Итак, романтический мальчишка, набравшийся идеалов из романтических книг, сталкивается с грубой армейской жизнью, и — заветы надменного романтизма и заветы критического реализма предлагают два варианта развития событий. Вариант романтический: герой презирает бессмысленную шагистику, бурбонов-начальников, покорных тупиц-сослуживцев и замыкается в гордом одиночестве либо бросает вызов господствующей бессмысленной силе и погибает в неравном бою, заставляя сердце читателя трепетать от сострадания и восторга. Вариант реалистический: герой покоряется бессмысленной шагистике, бурбонам-начальникам и становится неотличимым от тупиц-сослуживцев, заставляя сердце читатели поникнуть в тоскливой безысходности.

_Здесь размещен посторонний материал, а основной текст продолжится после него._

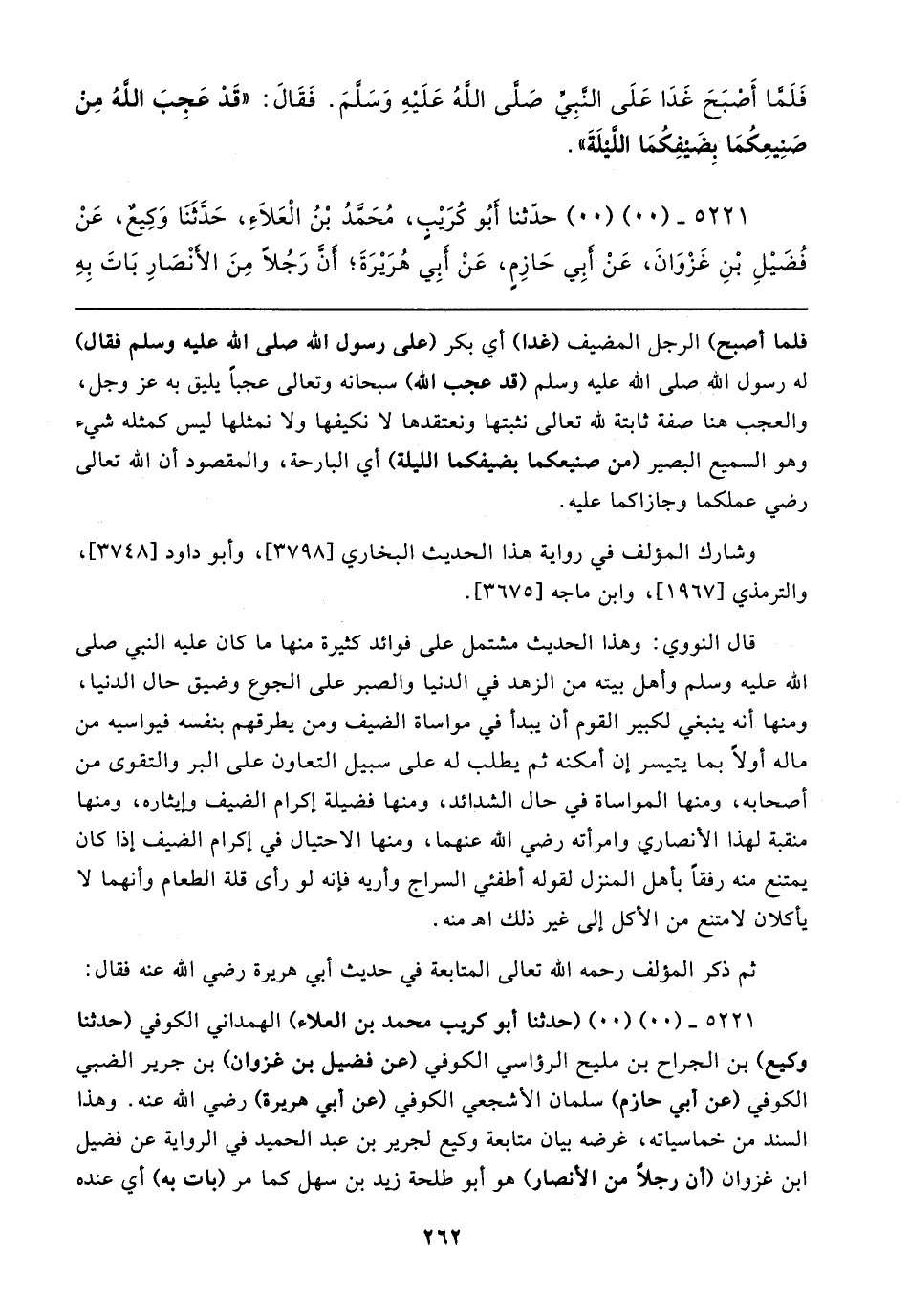 ٥٢٢١ - (٠٠) (٠٠) (حدثنا أبو كريب محمَّد بن العلاء) الهمداني الكوفي (حدثنا وكيع) بن الجراح بن مليح الرؤاسي الكوفي (عن فضيل بن غزوان) بن جرير الضبي الكوفي (عن أبي حازم) سلمان الأشجعي الكوفي (عن أبي هريرة) رضي الله عنه. وهذا السند من خماسياته، غرضه بيان متابعة وكيع لجرير بن عبد الحميد في الرواية عن فضيل بن غزوان (أن رجلًا من الأنصار) هو أبو طلحة زيد بن سهل كما مر (بات به) أي عنده
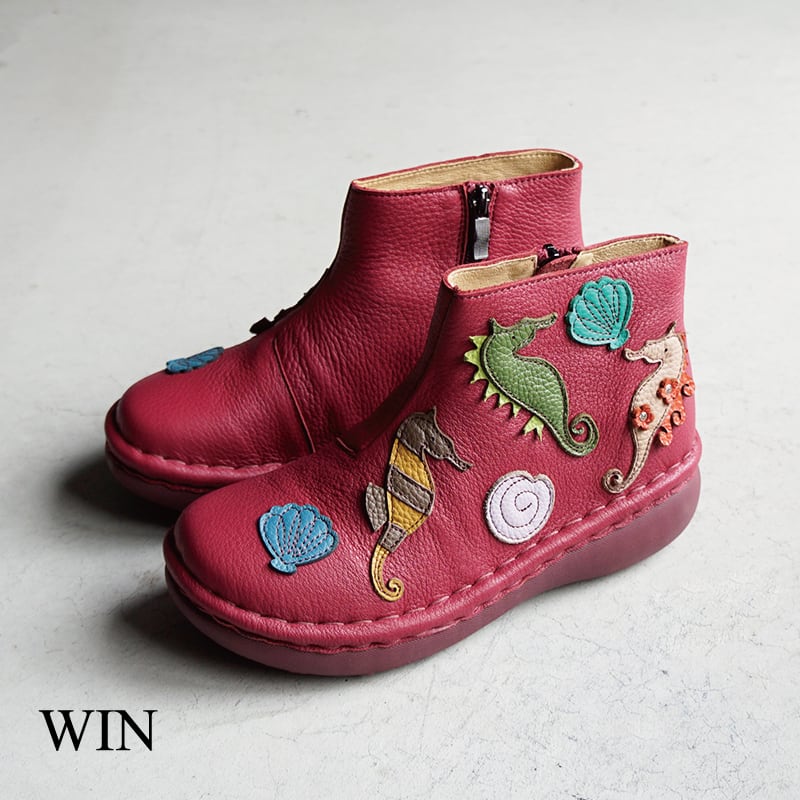 タツノオトシゴモチーフレザーショートブーツ MSE192
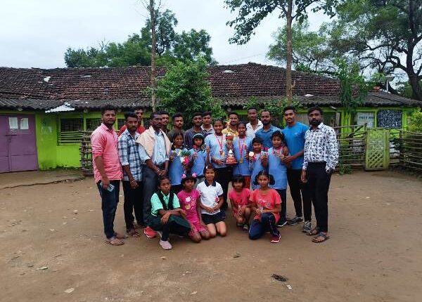 आलापल्ली येथील राणी दुर्गावती हायस्कूलच्या प्रांगणात खेळाडूंचा सत्कार
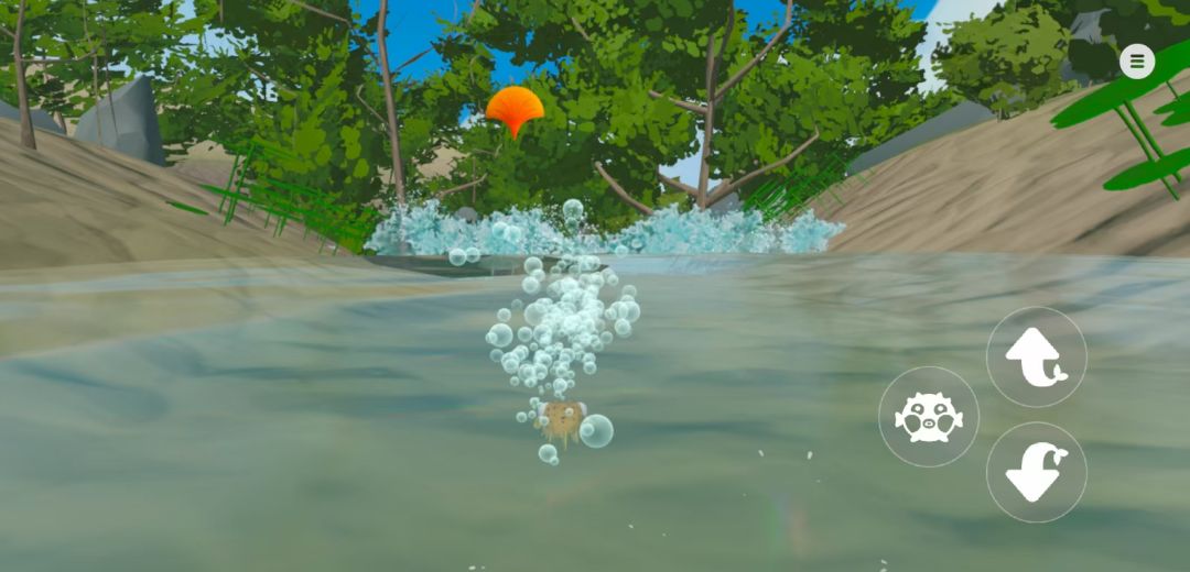 团成团:河豚的技能,可以把自己变成一个球,然后使用上浮和下潜按钮可以轻微的操控弹跳(离地1mm),不过河豚在开技能期间是没办法在水中移动的,同时河豚在面对一些上坡时也没办法滚上去(简单理解成鱼缸就行。)
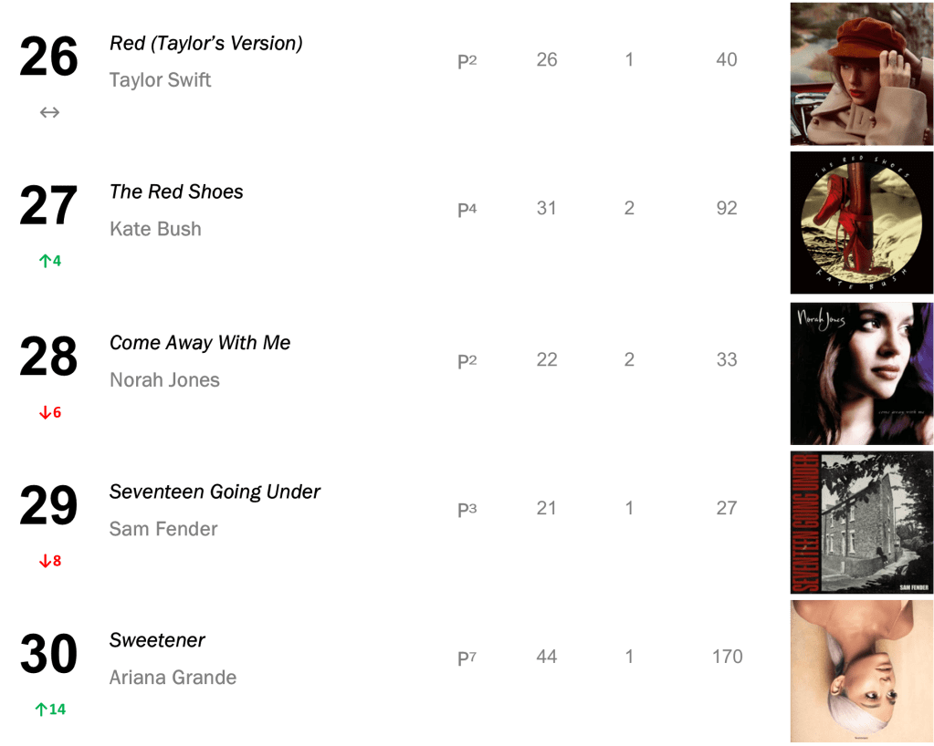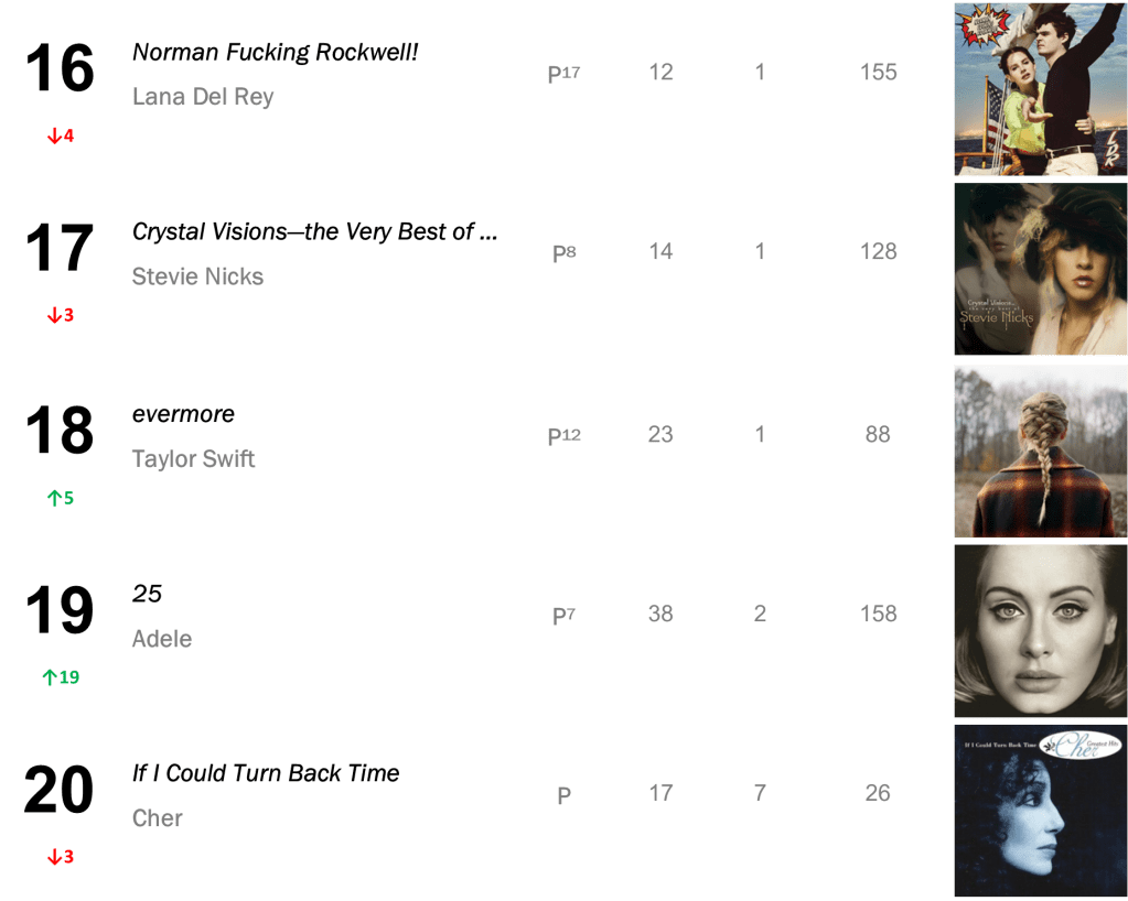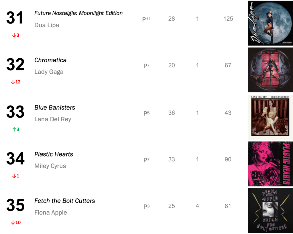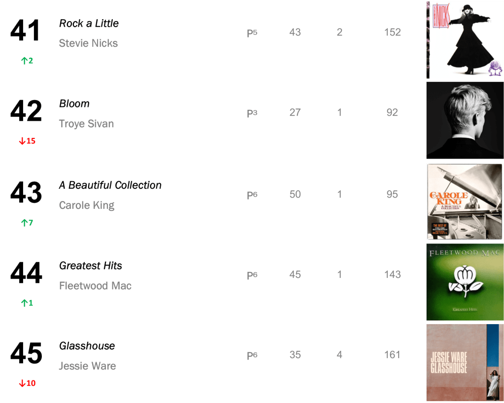 Onto Next Week: Maggie Roger’s Surrender is currently tracking for a third week at the top spot, likely with sales of over 75,000 copies. Joni Mitchell’s Court and Spark could also return for a sixth term in charge, with over 70,000 sold.
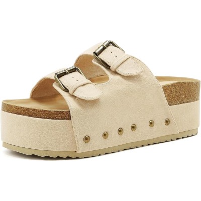 Women's Platform Cork Slides Dual Buckled Straps Clogs Slip On Flatform Sandals for Women Clogs
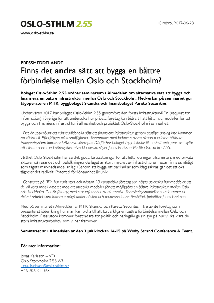Bolaget Oslo-Sthlm 2.55 ordnar seminarium i Almedalen om alternativa sätt att bygga och finansiera en bättre infrastruktur mellan Oslo och Stockholm. Medverkar på seminariet gör tågoperatören MTR, byggbolaget Skanska och finansbolaget Pareto Securities. Dessutom diskuteras behov och möjligheter med politik och näringsliv.

Не происходит, однако, ни того, ни другого.
В письмах ни тоски, ни надменности — разве что бравада: «У нас скоро будут двухдневные полевые учения. Будем жить в собственноручно вырытых блиндажах. Погуляем на славу». «Во время одной из длительных прогулок по тайге я слегка подморозил себе нос. Было довольно морозно, но главное — сильнейший ветер, а это отвратительная штука. Я потом отогревал нос на костре, но это не совсем помогло. Вернулись в казарму, он, подлец, припух и покрылся отвратительной коркой (корка была, как сейчас помню, черная. — Я.Г.). “Ну, — говорили мне, — быть тебе без носа”. Это меня не особенно обрадовало. Возможность уподобиться милейшему Панглосу не слишком меня вдохновляла. Пошел в санчасть. Смазали нос какой-то мазью и наложили повязку, которую я на другой день выкинул: она меня чересчур уродовала и не давала сморкаться. Прошла неделя, и вместе с ней прошли и все мои обморожения. Нос на месте — нормальный и розовый…»
А в комментариях — чуть ли не гордость пополам с ностальгией.
«Но две вещи я успел усвоить по-настоящему: обращение с оружием и строевую подготовку. Во всяком случае, когда мне пришлось значительно позже обучать этому искусству — строевой подготовке — взвод новобранцев, то никаких сложностей у меня не возникало.
Что до оружия, то столь плотное, ответственное и подробное общение с ним сформировало особые, почти личные взаимоотношения с этим убийственным железом. И когда через несколько лет во время работы на Крайнем Севере мне снова пришлось постоянно иметь дело с оружием — в частности, с охотничьим карабином (в то время это был, собственно, боевой кавалерийский карабин, укороченная трехлинейка), то я сразу же ощутил знакомое чувство родства…».
К естественному же чувству культурного одиночества не примешивается ни малейшей мизантропии.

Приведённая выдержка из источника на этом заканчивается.